Erwin and Collini made false entries in the log; in fact, they conducted fewer than half of the checks they recorded. (Collini Dep., Doc. 69-4, #349; Erwin Am. Disc. Resp., Doc. 71-2, #862). That being said, Collini testified he saw Howell alive and seated in the chair at 7:24 p.m. (Collini Dep., Doc. 69-4, #346). At about 9:45 p.m., Hunt and another officer discovered Howell dead in the restraint chair when they arrived to evaluate him for release. (Guy Decl., Doc. 72, #874). The parties dispute the cause of Howell’s death. The NaphCare Defendants

say that Howell died of a sudden cardiac arrest, which they claim resulted, at least in part, from a prior chest stab wound that had required open heart surgery approximately a year earlier. (NaphCare Proposed Undisputed Facts, Doc. 85-1, #1587; Evans Decl., Doc. 79-2, #1305; Kiss Decl, Doc. 79-3, #1314–15). Howell’s estate argues, by contrast, that, over the course of the roughly four hours he spent in the restraint chair, Howell died of rhabdomyolysis, a complication from sickle cell disease, and that this complication was triggered by Howell’s fight with the other inmate. (Steinberg Expert Report, Doc. 87-3, #1693).

PROCEDURAL BACKGROUND Howell’s estate filed this suit on May 20, 2019. (Compl., Doc. 1).

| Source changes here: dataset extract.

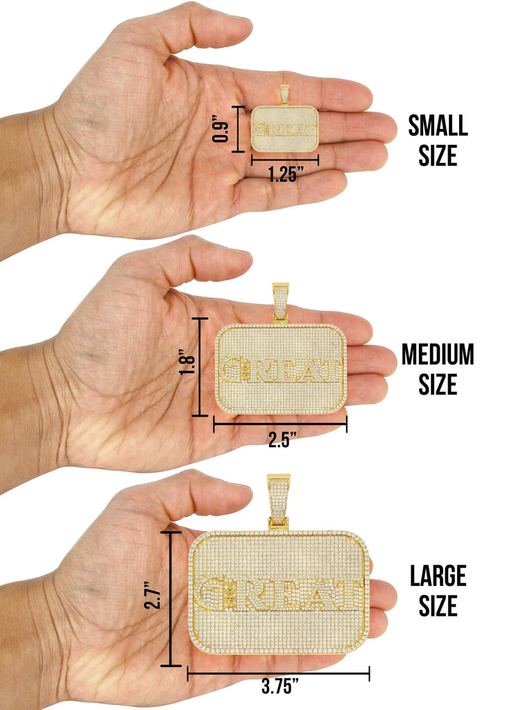 Customize your piece in 10K or 14K Yellow, Rose or White Gold - piece comes in VS quality diamonds. Select the size you want to make it in - Small, Medium or Large, see picture for approximate size chart.  After picking you dimensions - type what you want your piece to say and we will custom build it for you.  Please allow 3 weeks for completion.

As relevant here, the Complaint alleges that Officers Erwin, Collini, and Hunt, and Hamilton County Sheriff Jim Neil (the “Hamilton County Defendants”), as well as Nurse Jordan, Nurse Arthur, and NaphCare (the “NaphCare Defendants”), violated the Fourteenth Amendment through deliberate indifference to Howell’s serious medical

need. (Id. at #10). On March 15, 2021, both the Hamilton County Defendants and the NaphCare Defendants separately moved for summary judgment on all of Howell’s estate’s claims. (Docs. 84, 85). As relevant here, all Defendants argued that Howell’s estate created no genuine dispute as to whether any of them consciously disregarded Howell’s serious medical need. (Hamilton Cnty. Mot. for Summ. J., Doc. 84, #1524, 1532). Briefing on those motions was completed on April 26, 2021. The Court heard

oral argument on October 14, 2021. The Court issued an Opinion (Doc. 105) on November 2, 2021.